Task to complete: Which lines run from the start of the material below through the line containing "Ma Wat River"? Retype them exactly, pictures excluded.

*** Source records ***

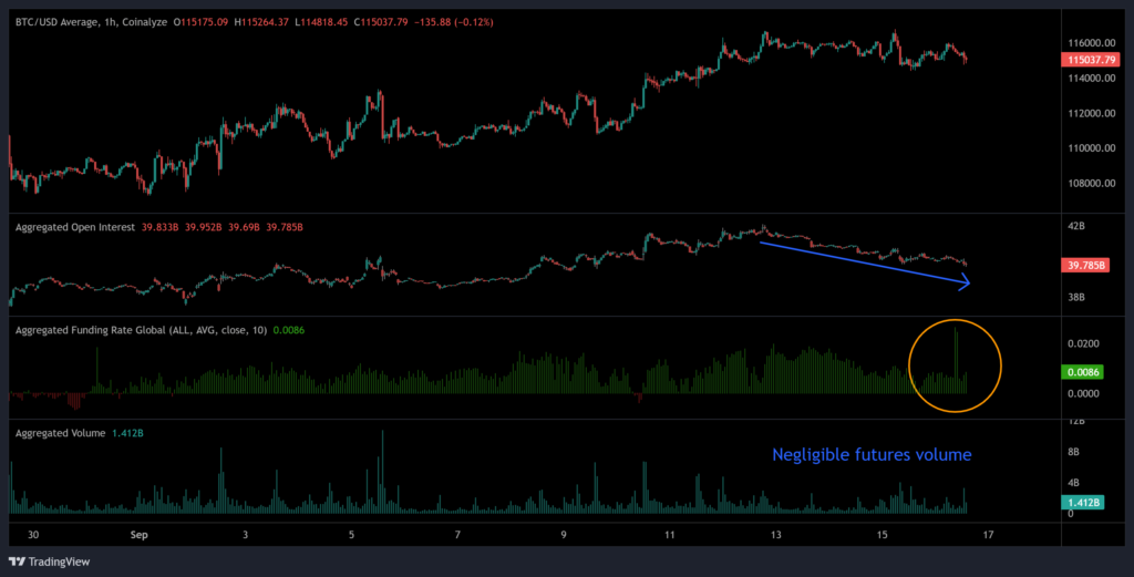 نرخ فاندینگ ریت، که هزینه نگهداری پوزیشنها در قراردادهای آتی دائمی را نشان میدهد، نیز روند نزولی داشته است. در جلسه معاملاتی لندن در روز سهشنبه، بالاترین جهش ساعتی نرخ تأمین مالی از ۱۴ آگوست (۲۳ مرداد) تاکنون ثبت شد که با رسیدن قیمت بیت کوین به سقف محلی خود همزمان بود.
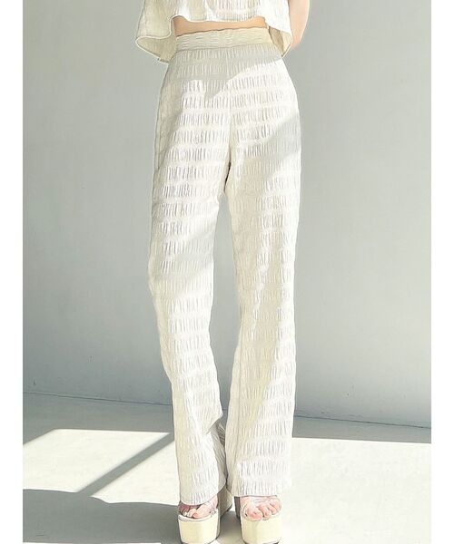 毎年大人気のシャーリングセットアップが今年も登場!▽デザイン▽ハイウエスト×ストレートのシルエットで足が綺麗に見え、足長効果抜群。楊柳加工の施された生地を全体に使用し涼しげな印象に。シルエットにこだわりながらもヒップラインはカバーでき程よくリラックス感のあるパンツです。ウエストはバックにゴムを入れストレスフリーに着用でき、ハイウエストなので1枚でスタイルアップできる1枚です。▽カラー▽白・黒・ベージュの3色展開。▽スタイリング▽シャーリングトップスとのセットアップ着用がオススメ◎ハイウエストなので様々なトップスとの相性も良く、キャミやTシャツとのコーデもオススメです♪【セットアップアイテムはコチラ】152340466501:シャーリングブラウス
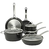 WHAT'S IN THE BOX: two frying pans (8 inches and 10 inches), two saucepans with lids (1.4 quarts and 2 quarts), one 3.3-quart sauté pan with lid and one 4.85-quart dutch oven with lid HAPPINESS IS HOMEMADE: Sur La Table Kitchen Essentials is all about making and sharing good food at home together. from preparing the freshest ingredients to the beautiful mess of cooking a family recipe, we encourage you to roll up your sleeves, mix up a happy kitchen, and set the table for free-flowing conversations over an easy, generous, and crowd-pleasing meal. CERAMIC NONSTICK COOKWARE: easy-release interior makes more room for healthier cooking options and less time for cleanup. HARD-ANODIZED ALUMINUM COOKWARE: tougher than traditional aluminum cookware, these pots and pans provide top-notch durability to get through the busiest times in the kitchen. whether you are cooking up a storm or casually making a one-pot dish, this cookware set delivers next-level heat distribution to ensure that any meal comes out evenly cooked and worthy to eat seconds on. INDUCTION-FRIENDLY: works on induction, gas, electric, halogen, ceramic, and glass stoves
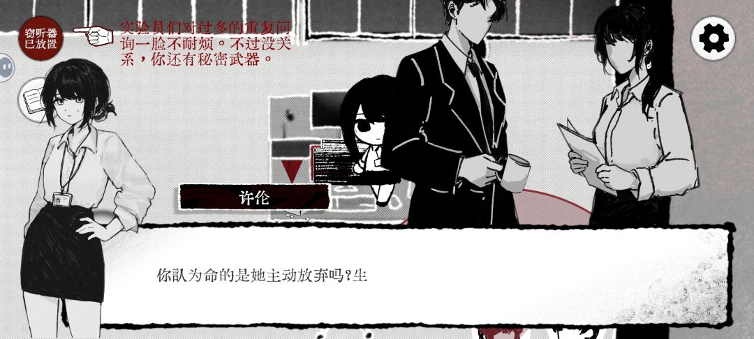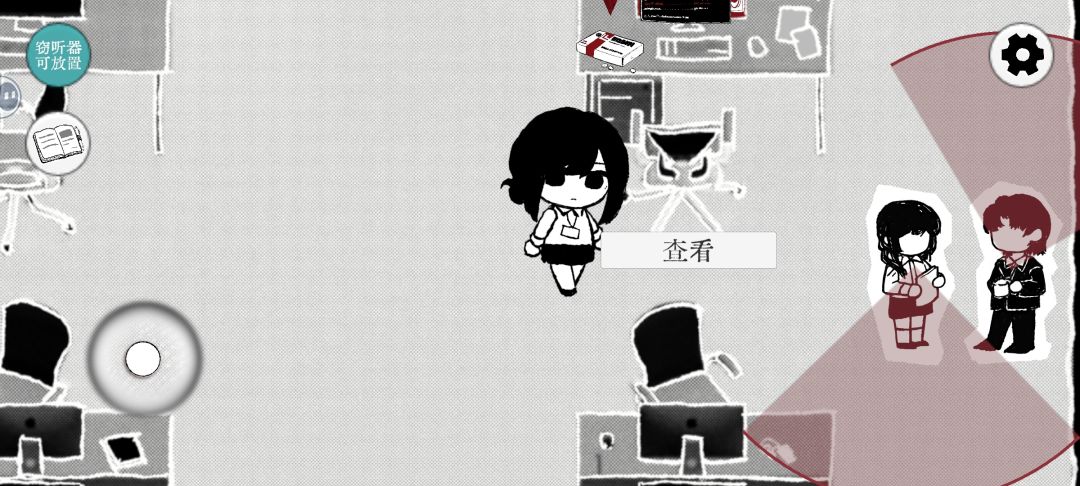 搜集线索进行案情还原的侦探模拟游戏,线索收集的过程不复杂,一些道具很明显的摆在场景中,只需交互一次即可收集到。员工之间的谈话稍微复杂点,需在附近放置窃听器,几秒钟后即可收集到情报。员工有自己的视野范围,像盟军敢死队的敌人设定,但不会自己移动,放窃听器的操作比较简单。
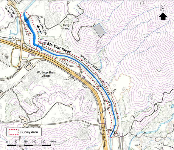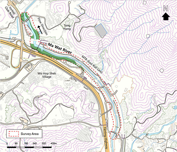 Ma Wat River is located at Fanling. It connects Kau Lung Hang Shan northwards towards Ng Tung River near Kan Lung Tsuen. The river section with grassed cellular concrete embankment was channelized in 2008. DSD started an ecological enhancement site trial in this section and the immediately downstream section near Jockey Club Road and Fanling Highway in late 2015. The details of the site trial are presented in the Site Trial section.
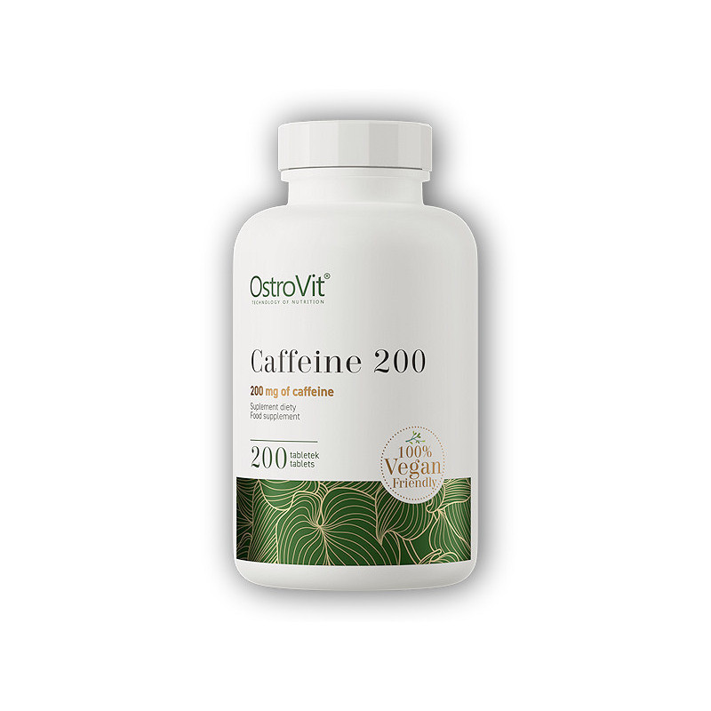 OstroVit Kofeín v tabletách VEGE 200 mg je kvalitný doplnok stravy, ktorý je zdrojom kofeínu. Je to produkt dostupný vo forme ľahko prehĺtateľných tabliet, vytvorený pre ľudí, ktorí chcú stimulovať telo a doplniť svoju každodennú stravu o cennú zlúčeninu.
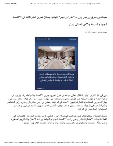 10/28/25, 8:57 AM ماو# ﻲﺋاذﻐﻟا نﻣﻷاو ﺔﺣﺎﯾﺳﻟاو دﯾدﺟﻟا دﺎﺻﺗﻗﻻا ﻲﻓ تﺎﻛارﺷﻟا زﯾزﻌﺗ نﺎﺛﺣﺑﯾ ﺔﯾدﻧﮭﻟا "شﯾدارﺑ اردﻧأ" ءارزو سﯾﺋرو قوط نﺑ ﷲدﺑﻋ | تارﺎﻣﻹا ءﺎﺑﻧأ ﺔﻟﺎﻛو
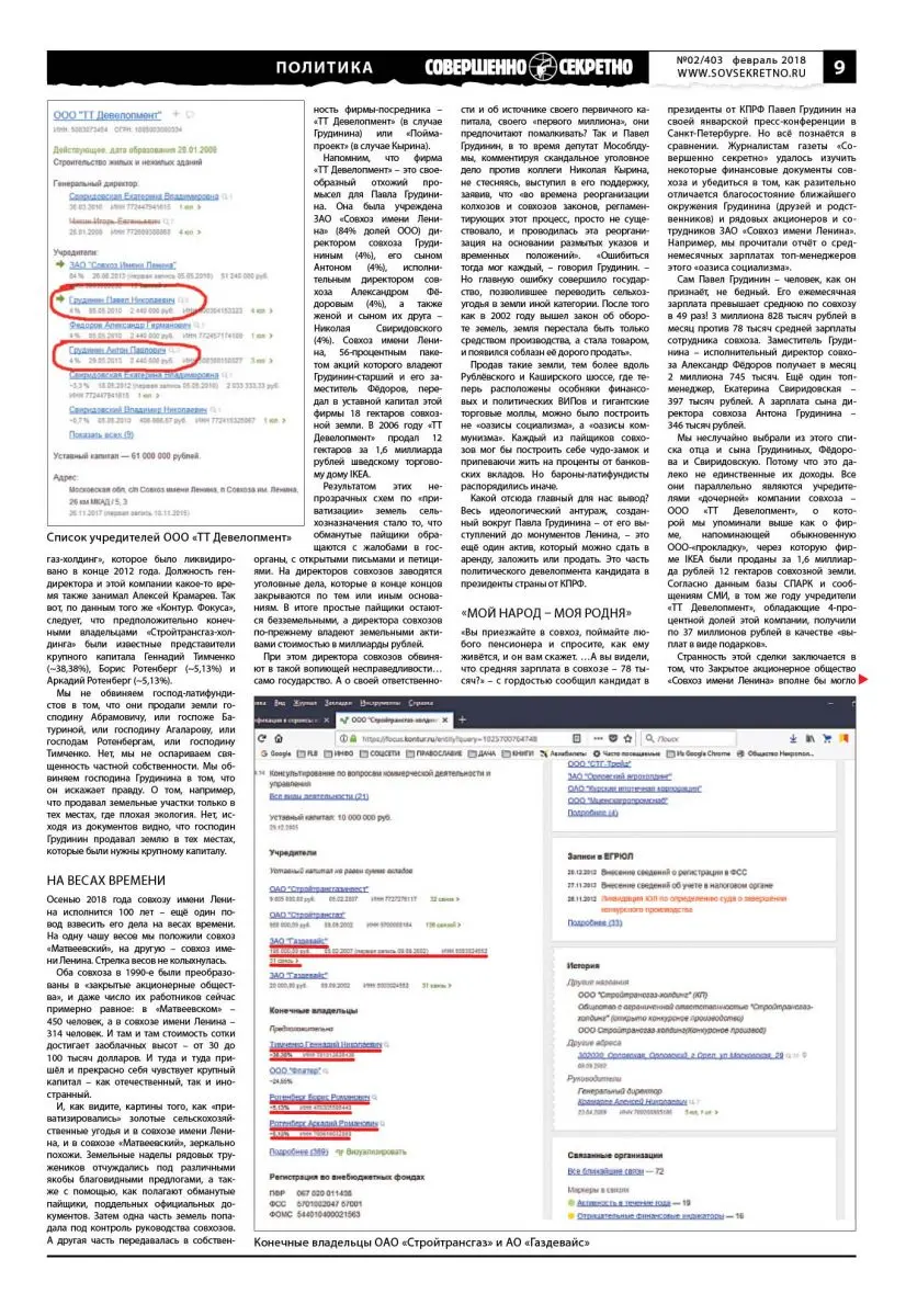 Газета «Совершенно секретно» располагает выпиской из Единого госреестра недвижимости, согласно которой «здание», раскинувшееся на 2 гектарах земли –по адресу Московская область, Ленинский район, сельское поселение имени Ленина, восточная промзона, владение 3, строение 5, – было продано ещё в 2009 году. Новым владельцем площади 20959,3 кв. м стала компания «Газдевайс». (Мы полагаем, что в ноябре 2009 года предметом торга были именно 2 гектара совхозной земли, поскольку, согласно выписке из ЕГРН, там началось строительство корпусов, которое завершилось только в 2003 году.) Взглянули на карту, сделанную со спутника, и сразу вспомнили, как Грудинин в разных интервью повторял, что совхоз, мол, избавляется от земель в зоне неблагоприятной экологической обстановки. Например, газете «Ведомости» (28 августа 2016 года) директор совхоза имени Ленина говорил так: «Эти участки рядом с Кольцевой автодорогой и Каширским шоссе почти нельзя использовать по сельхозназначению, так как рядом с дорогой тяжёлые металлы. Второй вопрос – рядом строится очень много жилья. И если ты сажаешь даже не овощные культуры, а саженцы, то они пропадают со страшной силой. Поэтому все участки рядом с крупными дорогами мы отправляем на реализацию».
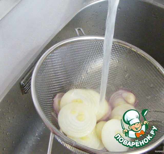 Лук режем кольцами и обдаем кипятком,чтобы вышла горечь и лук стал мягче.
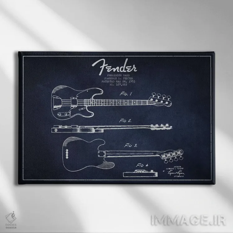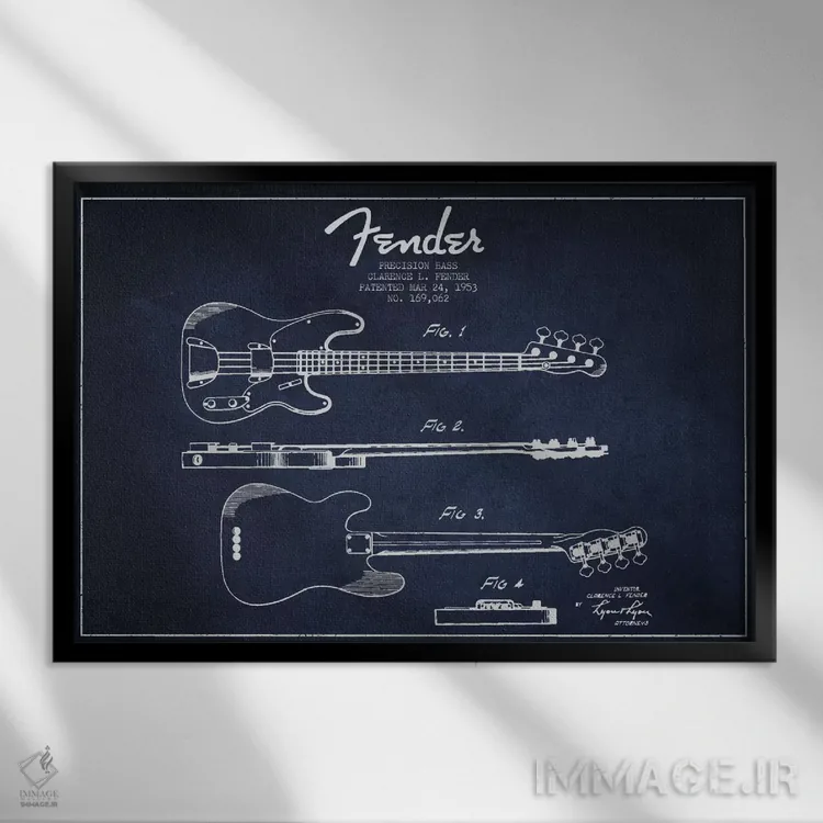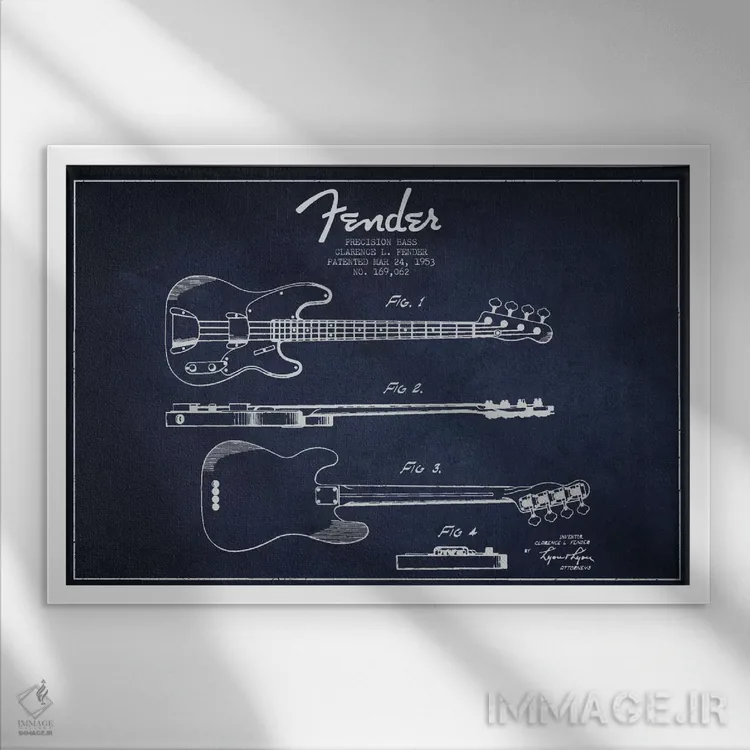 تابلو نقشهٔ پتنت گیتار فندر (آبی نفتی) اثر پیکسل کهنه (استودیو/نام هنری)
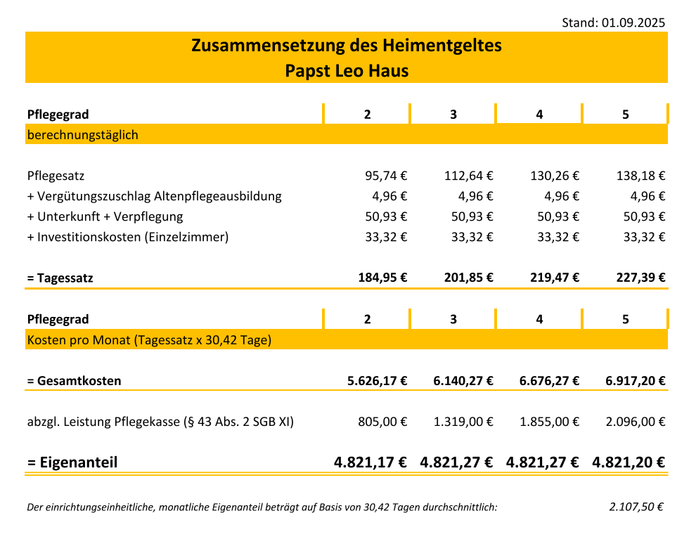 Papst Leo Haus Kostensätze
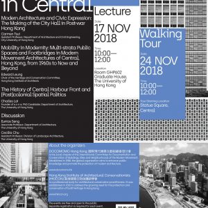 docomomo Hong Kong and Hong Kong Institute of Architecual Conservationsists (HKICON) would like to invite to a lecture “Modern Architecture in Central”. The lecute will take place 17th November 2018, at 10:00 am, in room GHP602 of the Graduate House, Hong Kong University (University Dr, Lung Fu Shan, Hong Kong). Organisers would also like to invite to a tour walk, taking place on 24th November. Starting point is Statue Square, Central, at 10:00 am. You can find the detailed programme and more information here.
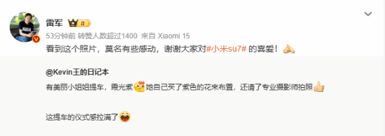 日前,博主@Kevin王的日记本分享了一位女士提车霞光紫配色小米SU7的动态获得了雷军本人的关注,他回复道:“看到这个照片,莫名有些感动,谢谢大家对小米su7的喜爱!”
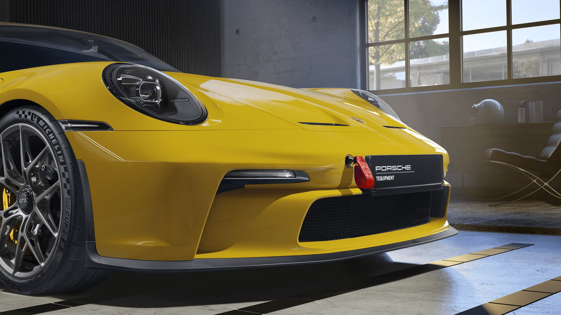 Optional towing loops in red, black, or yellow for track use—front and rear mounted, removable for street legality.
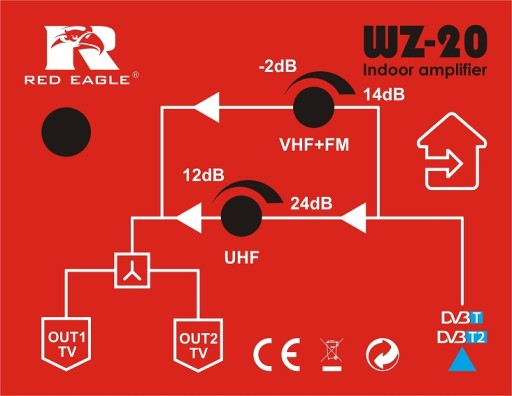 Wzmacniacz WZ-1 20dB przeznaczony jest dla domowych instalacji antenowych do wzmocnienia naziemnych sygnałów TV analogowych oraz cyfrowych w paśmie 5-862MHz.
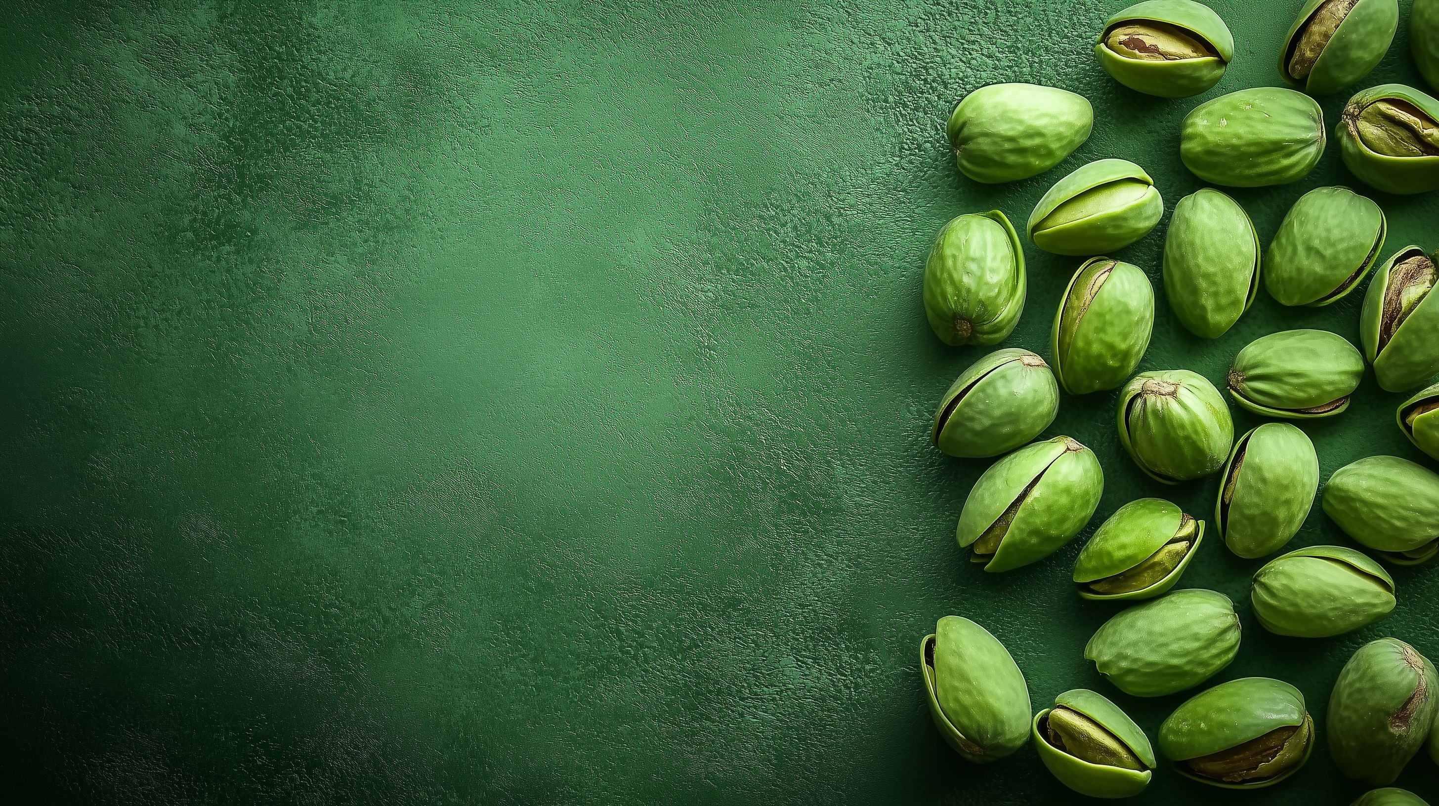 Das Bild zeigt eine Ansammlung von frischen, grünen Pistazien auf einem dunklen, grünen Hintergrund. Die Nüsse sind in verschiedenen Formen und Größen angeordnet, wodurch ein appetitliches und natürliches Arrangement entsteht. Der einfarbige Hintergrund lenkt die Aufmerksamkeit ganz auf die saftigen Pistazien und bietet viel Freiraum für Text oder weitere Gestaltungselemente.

*** End of Source records ***

Result for this exercise:
 نرخ فاندینگ ریت، که هزینه نگهداری پوزیشنها در قراردادهای آتی دائمی را نشان میدهد، نیز روند نزولی داشته است. در جلسه معاملاتی لندن در روز سهشنبه، بالاترین جهش ساعتی نرخ تأمین مالی از ۱۴ آگوست (۲۳ مرداد) تاکنون ثبت شد که با رسیدن قیمت بیت کوین به سقف محلی خود همزمان بود.
 毎年大人気のシャーリングセットアップが今年も登場!▽デザイン▽ハイウエスト×ストレートのシルエットで足が綺麗に見え、足長効果抜群。楊柳加工の施された生地を全体に使用し涼しげな印象に。シルエットにこだわりながらもヒップラインはカバーでき程よくリラックス感のあるパンツです。ウエストはバックにゴムを入れストレスフリーに着用でき、ハイウエストなので1枚でスタイルアップできる1枚です。▽カラー▽白・黒・ベージュの3色展開。▽スタイリング▽シャーリングトップスとのセットアップ着用がオススメ◎ハイウエストなので様々なトップスとの相性も良く、キャミやTシャツとのコーデもオススメです♪【セットアップアイテムはコチラ】152340466501:シャーリングブラウス
 WHAT'S IN THE BOX: two frying pans (8 inches and 10 inches), two saucepans with lids (1.4 quarts and 2 quarts), one 3.3-quart sauté pan with lid and one 4.85-quart dutch oven with lid HAPPINESS IS HOMEMADE: Sur La Table Kitchen Essentials is all about making and sharing good food at home together. from preparing the freshest ingredients to the beautiful mess of cooking a family recipe, we encourage you to roll up your sleeves, mix up a happy kitchen, and set the table for free-flowing conversations over an easy, generous, and crowd-pleasing meal. CERAMIC NONSTICK COOKWARE: easy-release interior makes more room for healthier cooking options and less time for cleanup. HARD-ANODIZED ALUMINUM COOKWARE: tougher than traditional aluminum cookware, these pots and pans provide top-notch durability to get through the busiest times in the kitchen. whether you are cooking up a storm or casually making a one-pot dish, this cookware set delivers next-level heat distribution to ensure that any meal comes out evenly cooked and worthy to eat seconds on. INDUCTION-FRIENDLY: works on induction, gas, electric, halogen, ceramic, and glass stoves
 搜集线索进行案情还原的侦探模拟游戏,线索收集的过程不复杂,一些道具很明显的摆在场景中,只需交互一次即可收集到。员工之间的谈话稍微复杂点,需在附近放置窃听器,几秒钟后即可收集到情报。员工有自己的视野范围,像盟军敢死队的敌人设定,但不会自己移动,放窃听器的操作比较简单。
 Ma Wat River is located at Fanling. It connects Kau Lung Hang Shan northwards towards Ng Tung River near Kan Lung Tsuen. The river section with grassed cellular concrete embankment was channelized in 2008. DSD started an ecological enhancement site trial in this section and the immediately downstream section near Jockey Club Road and Fanling Highway in late 2015. The details of the site trial are presented in the Site Trial section.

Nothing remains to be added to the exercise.